A entrevistada explicou também que suportou tudo aquilo que contou porque a ginasta na Roménia é ainda uma forma de encontrar uma vida melhor. «Venho de uma família modesta. A minha mãe queria que eu tivesse um futuro, viu que eu gostava de ginástica e inscreveu-me no clube de Constança. Fiquei presa entre a pressão da família, o amor pela ginástica e as agressões da Camelia Voinea. Tinha 8, 9 anos. Como poderia saber o que fazer? A minha mãe percebeu que algo não estava bem comigo quando, aos 12 anos, eu ia a caminho do ginásio e voltava para casa, com medo».

«Lembro-me de ter caído da trave numa competição. À noite, saímos todos para jantar. As outras raparigas receberam o que quiseram, bife panado, batatas fritas, e eu recebi uma pequena porção de salada grega. Ela disse-me que eu não merecia mais nada porque não era suficientemente boa. Senti-me humilhada»

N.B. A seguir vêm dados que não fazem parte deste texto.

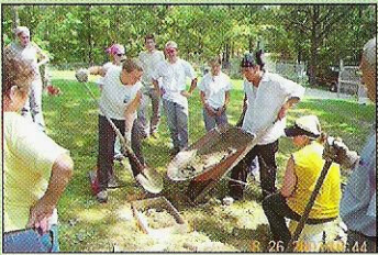
Teaching Alternative Spring Break students the importance of protecting the environment and respecting the past.

Provides thousands of hours of volunteer assistance to LBL activities and programs
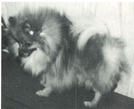
STARLITE GAMBLERS FLIRT
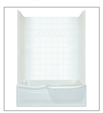
CHA 6034 TS 60''L × 32''W × 87''H Enclosure: N/A
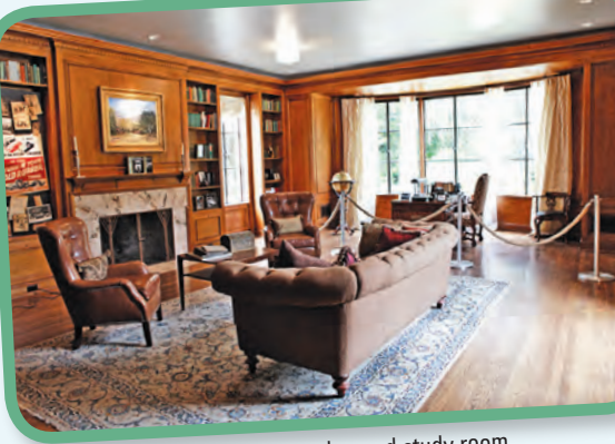
The Boddy House den and study room.
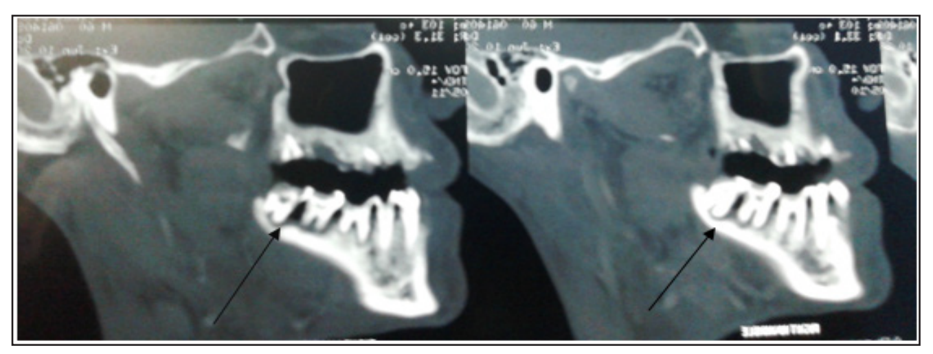
Fig.2. C.T scan of oral cavity showed radiolucent area of bone loss around lower right 2nd and 3rd molar teeth but absence of any adjacent soft tissue mass lesion that has caused mandibular bone destruction or cortical expansion.

Scope of using hyperbaric oxygen was not available in the institute therefore sequestrectomy was done and the patient was subjected to antibiotics, zolindronate
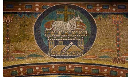
*Left (il. 40) The Throne with the Lamb – Christ bringing Himself as a sacrifice, St. Cosmas and Damian Church, Rome, 6 th century;
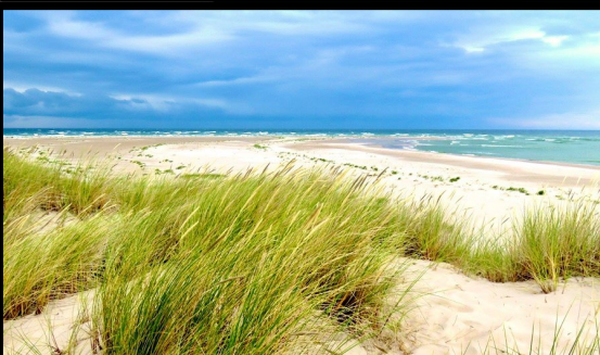
Coastal Dune Restoration (USFWS)
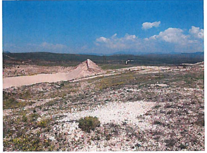
Figure 2: View toward the north pit area.
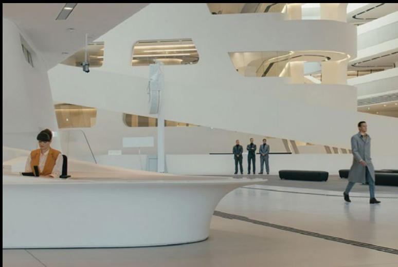
Still from Life Guidance
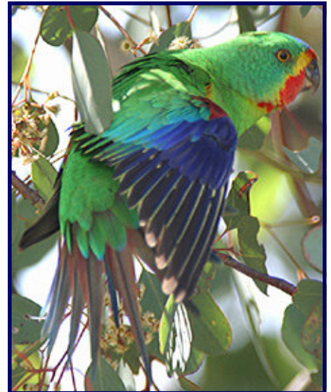
Swift Parrot ( Lathamus discolor)
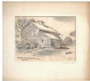
Original Drawing of Chuck Hill Farm Preston (Coll. 001 Fold. 021 Doc. 001)
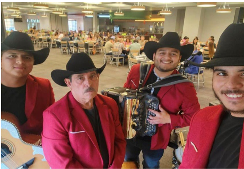
Grupo Esencia Añeja
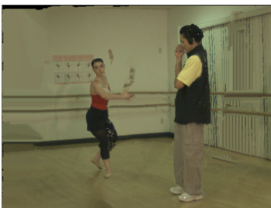
(h) V_{5 \rightarrow 2} inpainted with our method
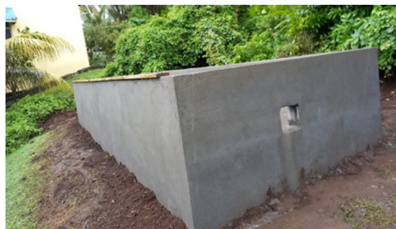
Figures 1 and 2: Concrete bases for water tanks at Biabou Clinic
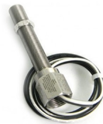
M319 Passive Magnetic Pickup Hazardous Area
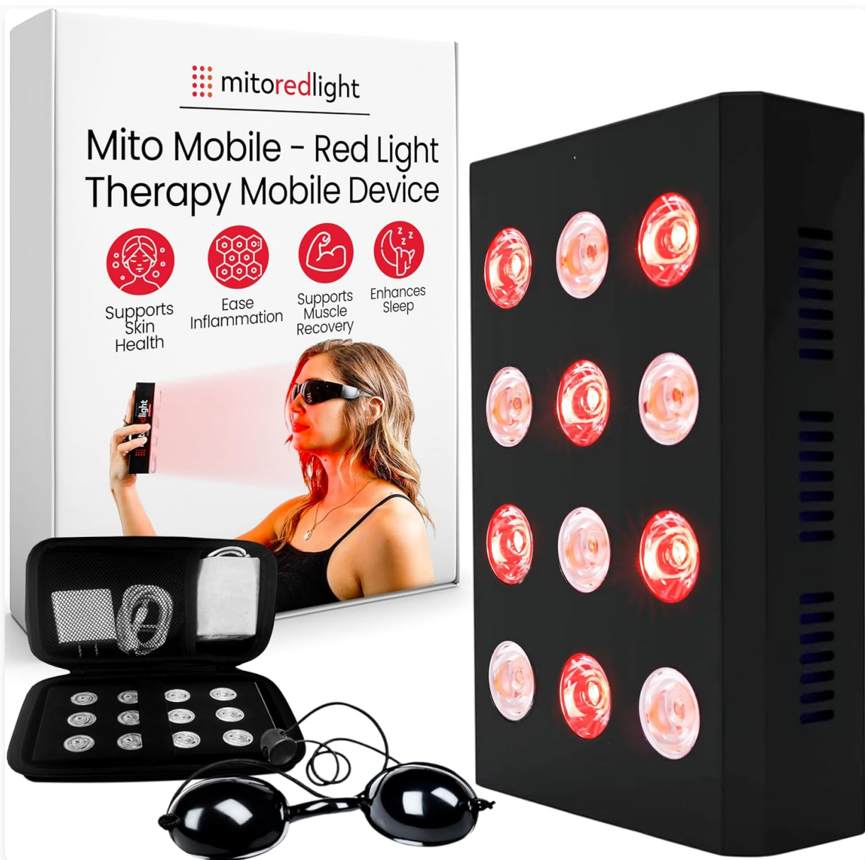
Figure 1: Mito Mobile Red Light Panel and included accessories.
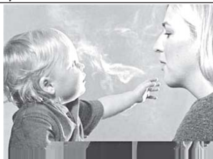
This handout image, released on November 10, 2010 depicts a mother blowing cigarette smoke in a child's face in one of the Federal Drug Administration's proposed new "graphic health warnings." Diseased lungs, dead bodies, a man on a ventilator and mothers blowing smoke in their children's faces are among the images US health officials are considering in their effort to revamp tobacco warning labels.
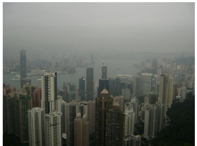
WALSH, RYAN. GUANGZHOU-SHENZHEN-HONG KONG EXPRESS RAIL LINK. CHINA. 2011

This section will inform you on common traveling and packing concerns that you may for your trip abroad. Before for departure date, you will need to apply for a passport (if you don't already have a valid one). Depending on your travel destination, you may need to apply for a visa. Not all countries require a visa. You will need to ensure that your financial institution is aware that you will be traveling abroad. It is also recommended to bring extra money in the foreign currency of your destination for any unexpected situations. When calculating how much money to bring for your study abroad experience, it is best to create a budget. When traveling abroad, you should leave all items that will not be needed at home. Always bring a digital copy of your valuable documents.
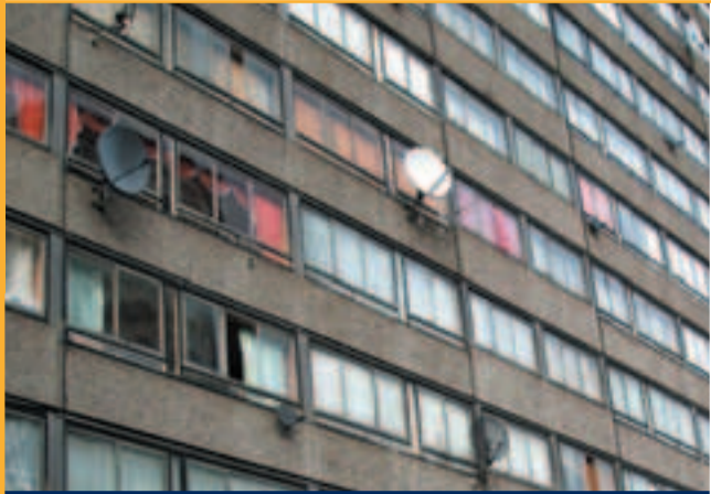
Windows at Fyfield - BEFORE
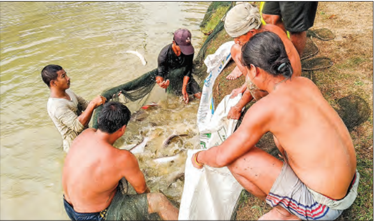
Thaton hatchery sells over 1 million fingerlings to a licenced pond in Thaton Township, Mon State.

We appreciate your feedback and contributions. If you have any comments or would like to submit editorials, analyses or reports please email aungthuya@gnlm.com.mm with your name and title. Due to limitation of space we are only able to publish "Letter to the Editor" that do not exceed 500 words. Should you submit a text longer than 500 words please be aware that your letter will be edited.
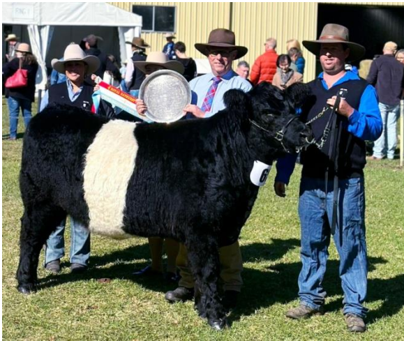
7Hills Southern Belle

Camelia Voinea nega acusações

Tal como aconteceu com as declarações de Denisa Golgota, Camelia Voinea negou veementemente todas as acusações.

«Não existe tal coisa na ginástica, com chicotes e coisas do género! Agora surgem casos prescritos e acusam-se pessoas. Assim, qualquer um pode dizer qualquer coisa sobre qualquer pessoa. Acreditem, eu nunca levei uma bofetada dos meus treinadores, e vivi na era comunista. Não disse nada até agora precisamente para recolher mais informações sobre as pessoas que me difamaram», declarou a treinadora.